Add -v to see full request/response headers, useful for debugging CORS or auth issues:

http -v GET $BASE/auth/me \
    "Authorization: Bearer $TOKEN"

Check only response headers (no body):

http -h POST $BASE/query \
    "Authorization: Bearer $TOKEN" \
    query="test"

10. Interactive API Docs

FastAPI serves two interactive UIs automatically:

The saved snapshot is at docs/openapi.json.

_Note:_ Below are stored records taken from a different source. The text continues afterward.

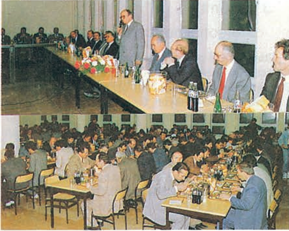
Konya Erkek Öğrenci Yurdu'nda verilen iftar yemeği
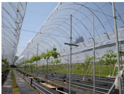
アーチ部分の内側
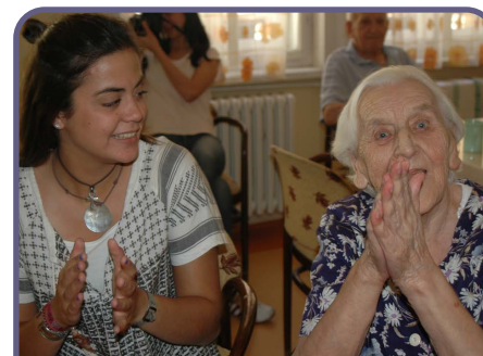
Atención y asistencia domiciliaria
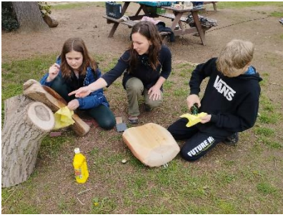
Rozvrhové téma – Stromy Gama
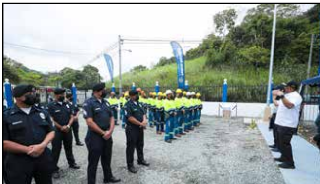
Inauguración de Subestación Policial Batería 35, que beneficiará en materia de seguridad a más de 40 mil personas.
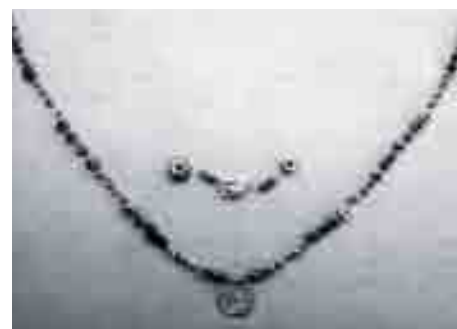
Piezas del collar del ajuar funerario. Tumba de incineración de inicios del siglo VI a.n.e.
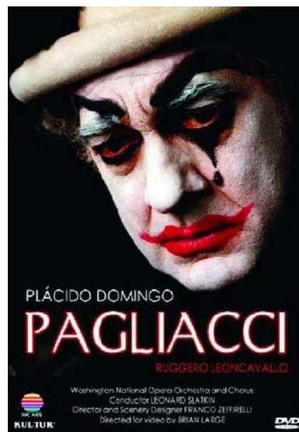
FIGURA 4. Pagliacci , de Ruggero Leoncavallo
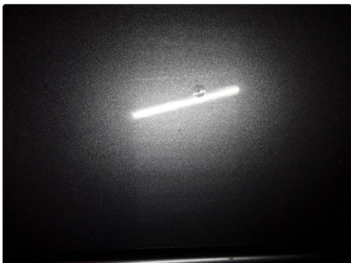
1.2 Steinsprut med korrosjon høyre skyvedør.
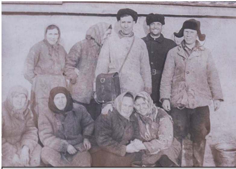
Рабочие СТФ отделения №4 совхоза «Дальний» (февраль 1960 г.).

«Наименование, количество Лошадей (всего) – 60,
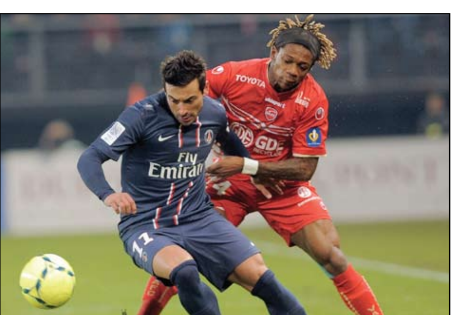
سان جيرمان يسحق تولوز بالاربعية

إكمال اللقاء بعشرة لاعبين منذ الدقيقة ٤٠ بعد حصول السنغالي شيخ مبينتي على إنذار ثان. واصل سان جيرمان أداءه الرائع خلال الفترة الثانية فأسدرك الهدف الثالث عبر رأسية ساكو بعد كرة عرضية أخرى من فان دير فيل (٧٠)، ثم سرعان ما أضاف الضيوف الهدف الرابع عبر الهولندي، الذي دون أول أهدافه مع الفريق العاصمي بعد استفادته من مجهود فردي مميز لإبراهيموفيتش (٧٢). وقدم زملاء السويدي إبراهيم مبرودا مميّزا في هذه المواجهة مؤكدين إصرارهم بالهضي قدما نحو لقب الدوري الفرنسي.
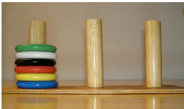
Figura 3 Anillas.

- Interferencias : inspirado en la tercera parte del test de palabras y colores ( Stroop ). Consta de 39 palabras dispuestas en 3 columnas verticales de 13 palabras cada una. Son nombres de colores (azul, verde, amarillo y rojo) impresos aleatoriamente en tinta de los mismos colores. En ningún caso coincide el color de la palabra con el de la tinta en que está impreso. La tarea a realizar es decir en voz alta y lo más rápidamente posible el color de la tinta de cada palabra (fig. 4).
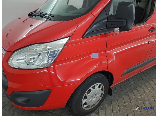
1. Voorscherm - links Deuk/deuken
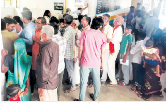
सीएचसी में चिकित्सक से उपचार कराने लगी मरीजों की कतारें।

चन्दौसी। बारिश व हल्की बूँदा-बाँदी होने से मौसम में काफी बदलाव आया है। मौसम में परिवर्तन आने से लोग काफी संख्या में बीमार पड़ रहे हैं। जिससे सीएचसी में रोजाना खांसी, जुखाम, एलर्जी, वायरल फीवर व टाइफाइड के लगभग 650 नए व 350 पुराने मरीज उपचार कराने पहुंच रहे हैं। जिसकी चिकित्सक द्वारा मरीजों की जांच कराने के साथ उपचार कर रहे हैं। चिकित्सक मरीजों से बदलते मौसम में एहतियात बरतने की सलाह दे रहे हैं। कुछ दिन से मौसम में काफी परिवर्तन हुआ है। क्योंकि पिछले दिनों भीषण गर्मी व लू चलने से लोग परेशान थे। तीन दिन पहले ओलावृष्टि के साथ बारिश व उसके बाद बूँदा-बाँदी
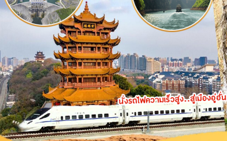
นั่งรถไฟความเร็วสูง...สู่มืองอุ๋อัน
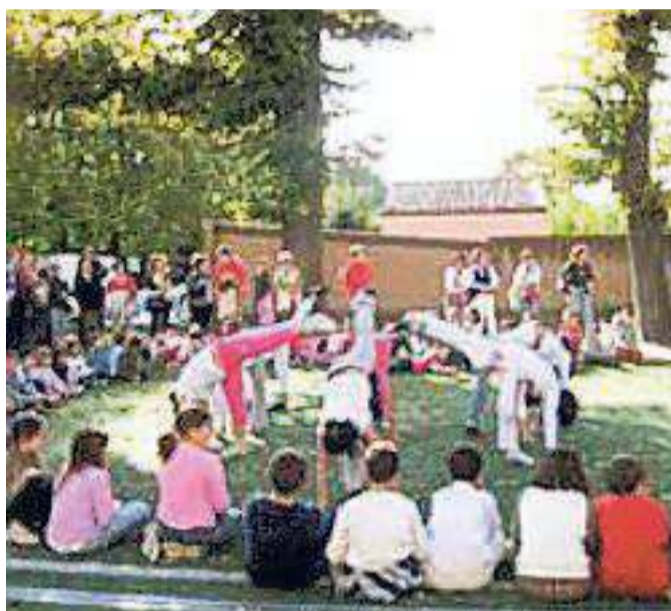
Un momento di festa alle scuole elementari Manzoni
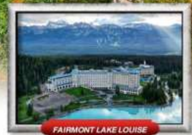
FAIRMONT LAKE LOUISE

บินทรู สายการบิน Full Service | เมนูพิเศษ! แคนาดาเคียนลิออนสแควร์
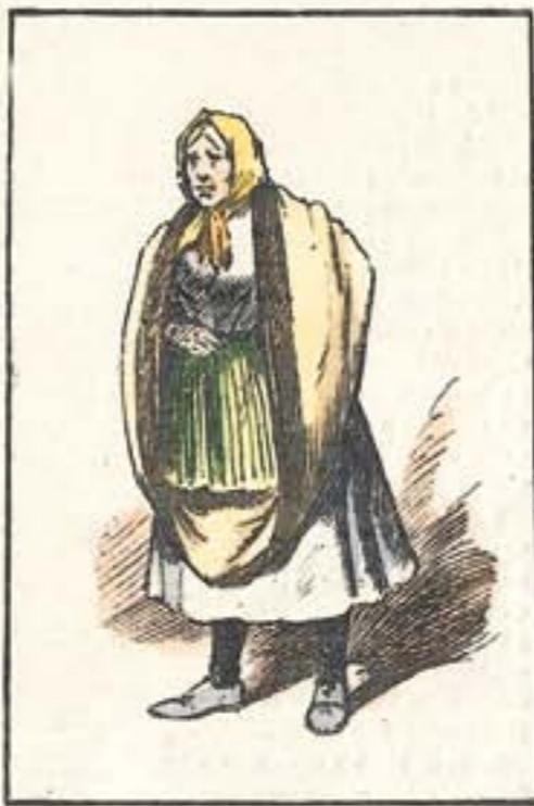
Una dama albacetense.
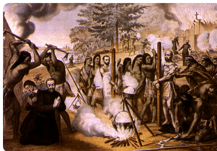
Jezsuita vértanúk kivégzése

Október 20. Kereszt Szent Pál áldozópap ünnepe. A Szent Kereszt tiszteletére alapított passzionista rend kezdeményezője. 1775-ben halt meg.
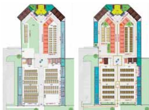
Progetto del cimitero di Cappelletta "oggi" e in "futuro"
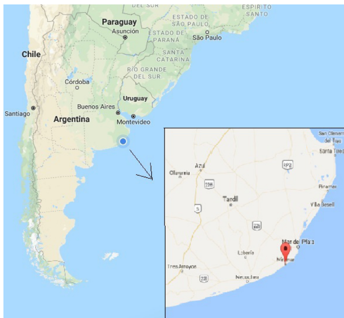
Figura 1. Mapa de ubicación de la ciudad de Miramar
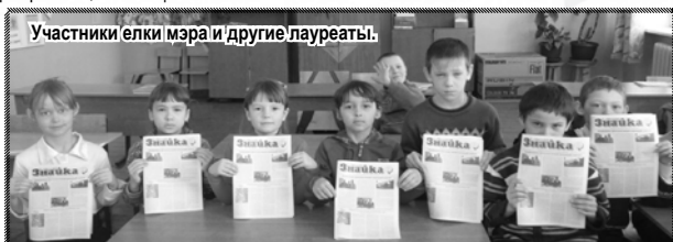
Участники елки мэра и другие лауреаты.
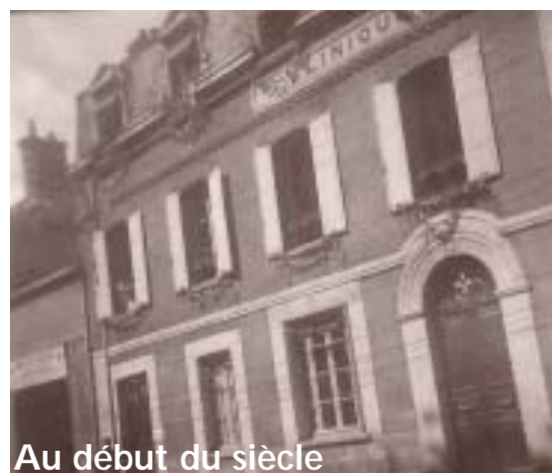
Au début du siècle

À l'époque, les opérations sont réalisées aussi bien dans l'enceinte de la clinique qu'au domicile des patients.
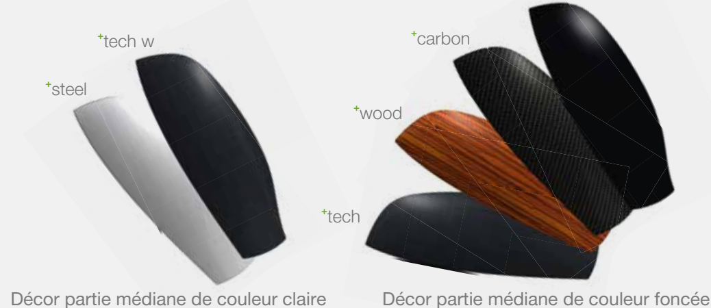
Décor partie médiane de couleur claire

Vous entrez dans une salle de bain et vous rencontrez une atmosphère accueillante – un parfum frais embaume l'air; le design des robinetteries et des distributeurs s'intègre dans l'environnement. Avec XIBU vous accordez à vos clients, ainsi qu'à vous-même ces moments agréables. Vous choisissez les robinets et les décors correspondants à votre concept de salle de bain. Offrez à vos clients ainsi qu'à vous-même la dernière génération de distributeurs hygiéniques! *black
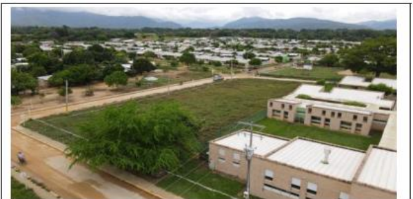
VISTAS AÉREAS GENERALES DEL LOTE PROPUESTO.
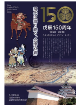
専用パンフレット
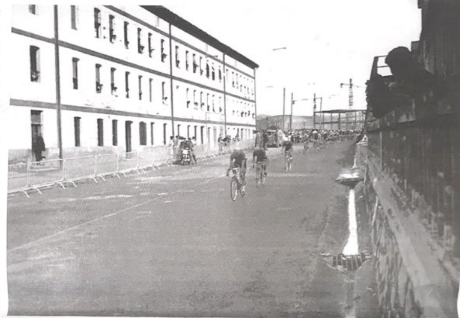
El Campeonato del Mundo de Ciclismo de 1965 pasó delante de la casa Zelaialde, en cuya planta baja estaba la sidrería.
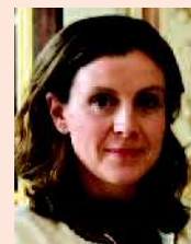
Charlotte Lecocq Députée du Nord
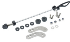
Für Montage des HR-Trägers am Ausfallende ohne Ösen. Schnellspanner-Adapter HR-Träger Art. 71500
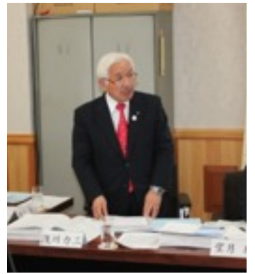
▲決算特別委員会で中小企業支援策などについて私の持論を展開しました。
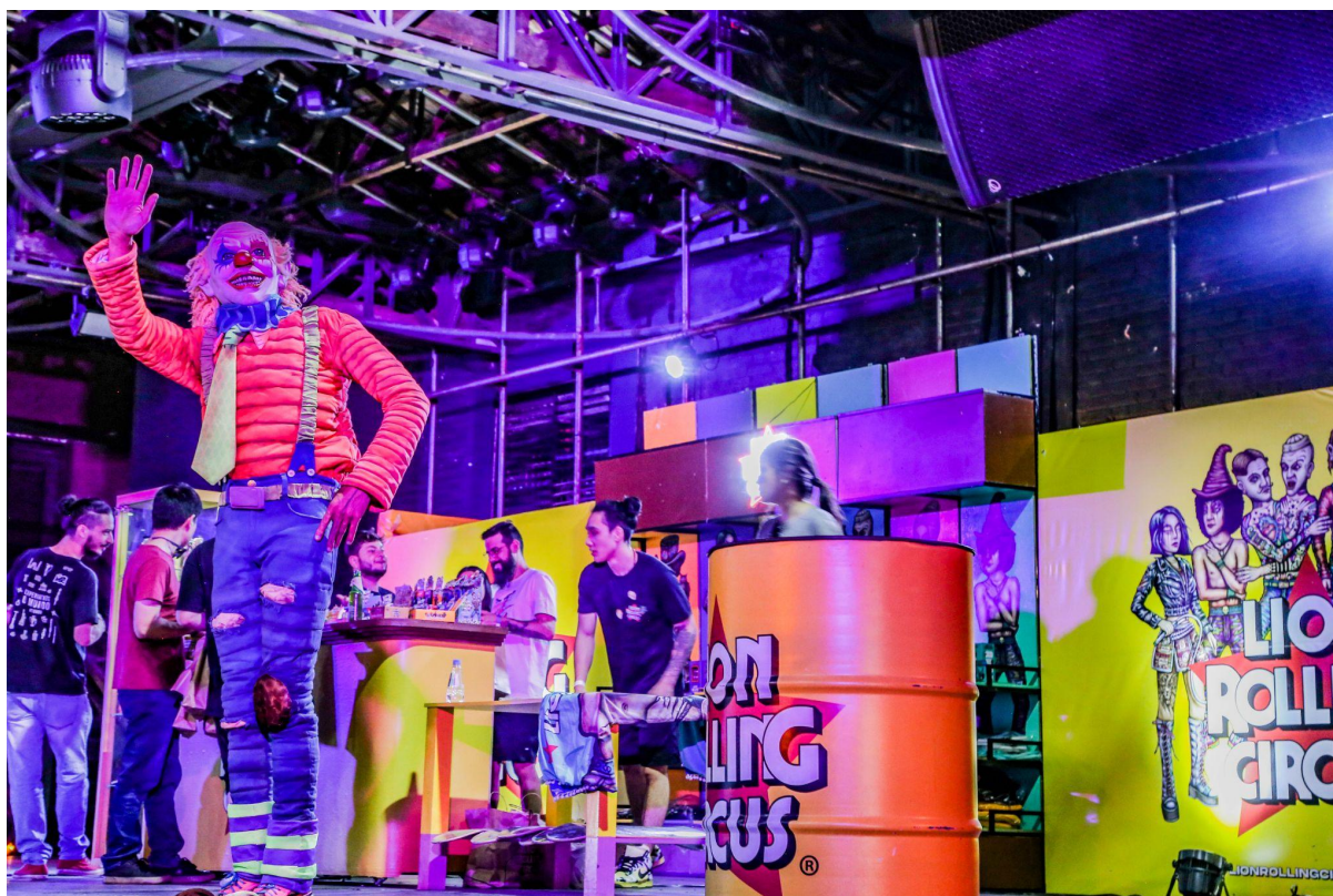
Festival Híbrido de 2022

O Festival Híbrido também terá como apoio uma plataforma multidisciplinar, promovendo o contato entre empresários, consumidores e lojistas.
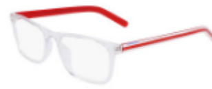
970 Crystal Clear
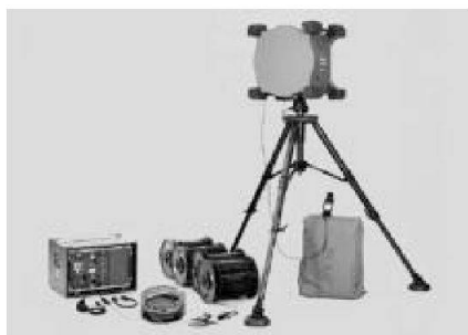
Sistema a fasci hertziani R-905

Sotto la voce “potenziamento delle infrastrutture di telecomunicazioni” si cela in verità l'acquisto di 5 sistemi diversi per le telecomunicazioni, alcuni dei quali avrà il compito d'assicurare l'effettiva operatività del precedente progetto SIC FT. I nuovi mezzi sono in gran parte uguali, o molto simili, a quelle acquisiti negli anni precedenti ed impiegati regolarmente dalla truppa. Si tratta quindi d'acquisizioni successive e di un ampliamento dell'impiego con sistemi già oggi operativi.
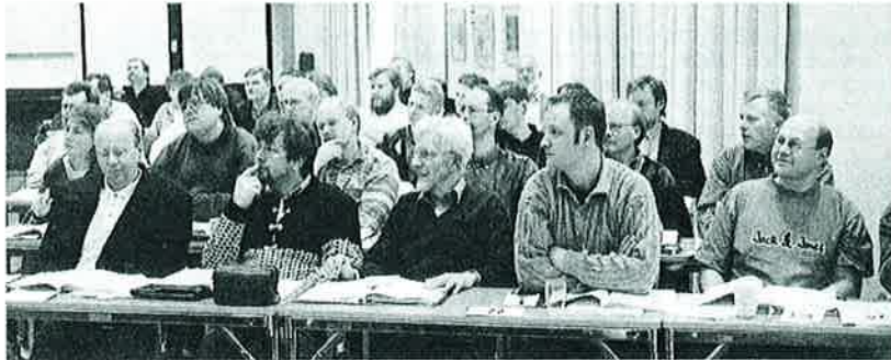
Tingrepresentanter i dyp konsentrasjon

ut på stevneavgift gjennom kr. 20,- pr. start. Dermed skremmer man ikke bort dem som deltar sporadisk, ved en høy «inngangsbillett», samtidig som de som deltar mest, betaler mest. Et annet moment i denne forbindelsen var at Tinget ønskes at stevneavgiften i all hovedsak skal tilbakeføres de kretser hvor dette erlegges. Hvordan dette skal gjøres, blir opp til Forbundsstyret å klar- gjøre - da det vil være et behov for et visst beløp til sentral stimulering av «svake ledd».
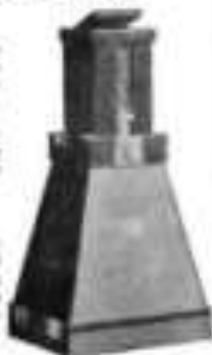
Typus 210 Vergrößerungs-Apparat Tenax, Modell II
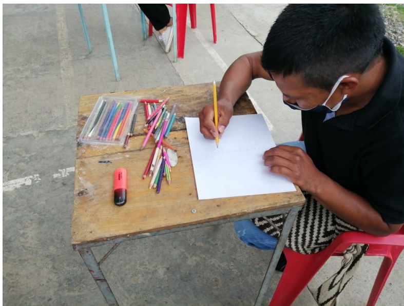
Taller “dibujando mi territorio”, donde se evidencia que entienden los partícipes por el territorio.

Para entender esta relación con el territorio, se parte de los dibujos y conversaciones que se tuvieron sobre este, y el elemento común que sobresale en todos es el espacio de la finca familiar, como el primer territorio. Es de destacar que la organización tradicional nasa se caracteriza por dos elementos particulares en la distribución de la tierra: a nivel familiar, se poseen pequeñas parcelas (minifundios), mientras a nivel colectivo se poseen tierras colectivas que se trabajan de forma de minga para la siembra, o tiene un destino comunitario (para la salud, educación, espiritualidad y organizativos) y son administradas directamente por los cabildos bajo la asamblea comunitaria. La mayoría de estas fincas son microfundios (cerca del 70%), es decir, propiedades menores a 0.5 unidades agrícolas familiares (Instituto de Estudios Interculturales, 2018), que según el IEI de la Pontificia Universidad Javeriana, está entre 8 y 11 hectáreas para el municipio de Inzá (Instituto de Estudios Interculturales, 2013), y debería ser el mínimo que garantice condiciones dignas de ingreso para una familia, con lo cual se puede asegurar que estas
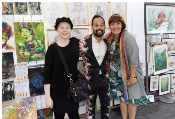
Mingel i Konstnärstältet.
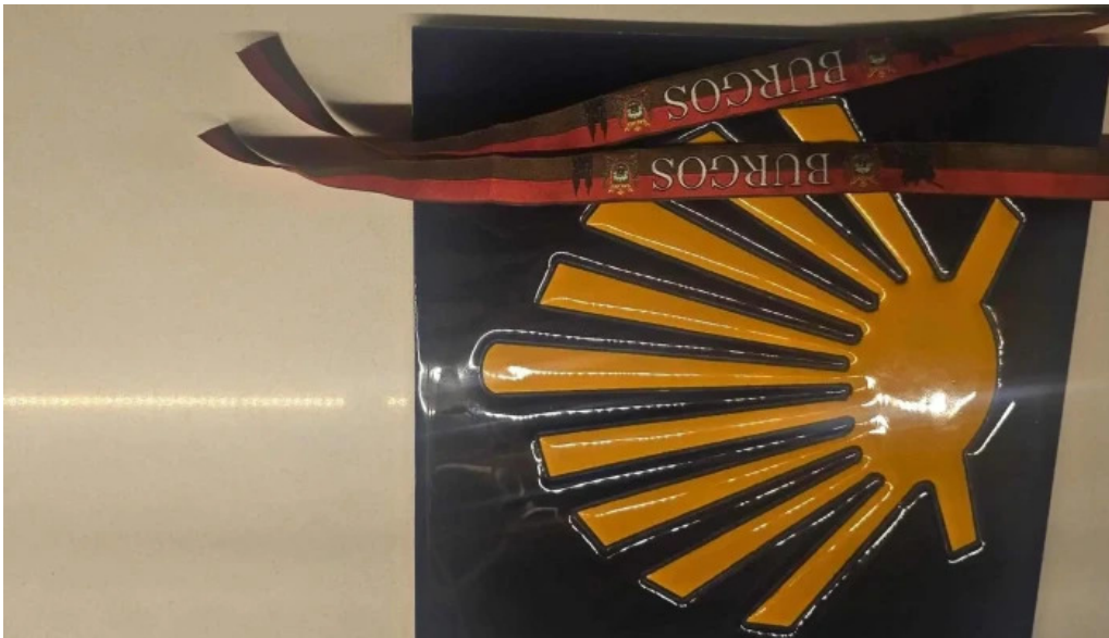
Regalos el peregrino sitio web
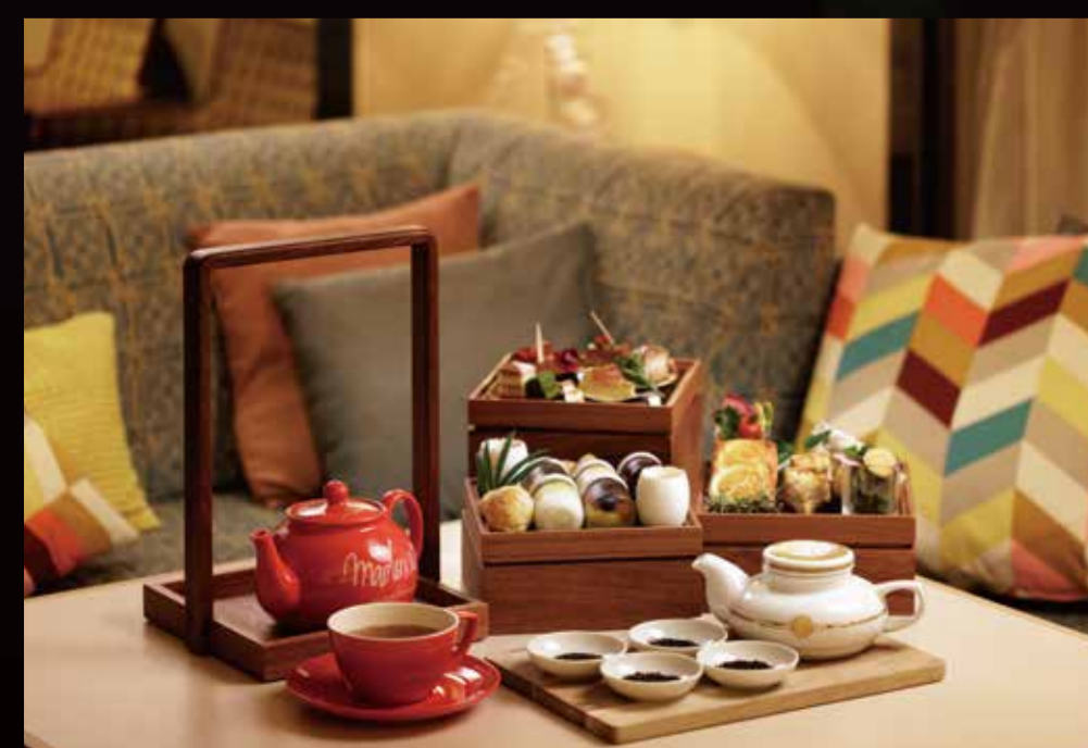
※画像のスイーツは2名様分です

11. TruLens Evaluation Verification

After running a query, TruLens scores are persisted asynchronously to the evaluation_results table. Check them directly:

docker exec agentic-rag-db-1 psql -U postgres -d agentic_rag -c "
SELECT
    ql.query_text,
    er.relevance_score,
    er.groundedness_score,
    er.answer_relevance_score,
    er.created_at
FROM evaluation_results er
JOIN query_logs ql ON ql.id = er.query_log_id
ORDER BY er.created_at DESC
LIMIT 5;"

Target scores (from SLA):

Metric Target
Context Relevance > 0.85
Groundedness > 0.90
Answer Relevance > 0.85

Scores are written in a background thread after the HTTP response. The worker waits up to TRULENS_FEEDBACK_TIMEOUT seconds (default 180) for TruLens to finish all three judge calls via retrieve_feedback_results before persisting to evaluation_results. Slow LLM proxies may need a higher timeout in .env.


12. Performance Targets

The pipeline SLA from the spec:

Stage Target
Full pipeline (end-to-end) < 6 s
LLM generation < 3 s
CrossEncoder reranking (20 pairs) < 500 ms
pgvector HNSW search (100k vectors) < 50 ms

Note: The CrossEncoder model (cross-encoder/ms-marco-MiniLM-L-6-v2, 85 MB) is loaded once at first request and cached as a process singleton. First-query latency on cold start (30 s on CPU) is expected; subsequent queries meet the SLA.

Measure end-to-end latency with HTTPie's --print=h and the response Date header, or use time:

time http POST $BASE/query \
    "Authorization: Bearer $TOKEN" \
    query="What is retrieval-augmented generation?"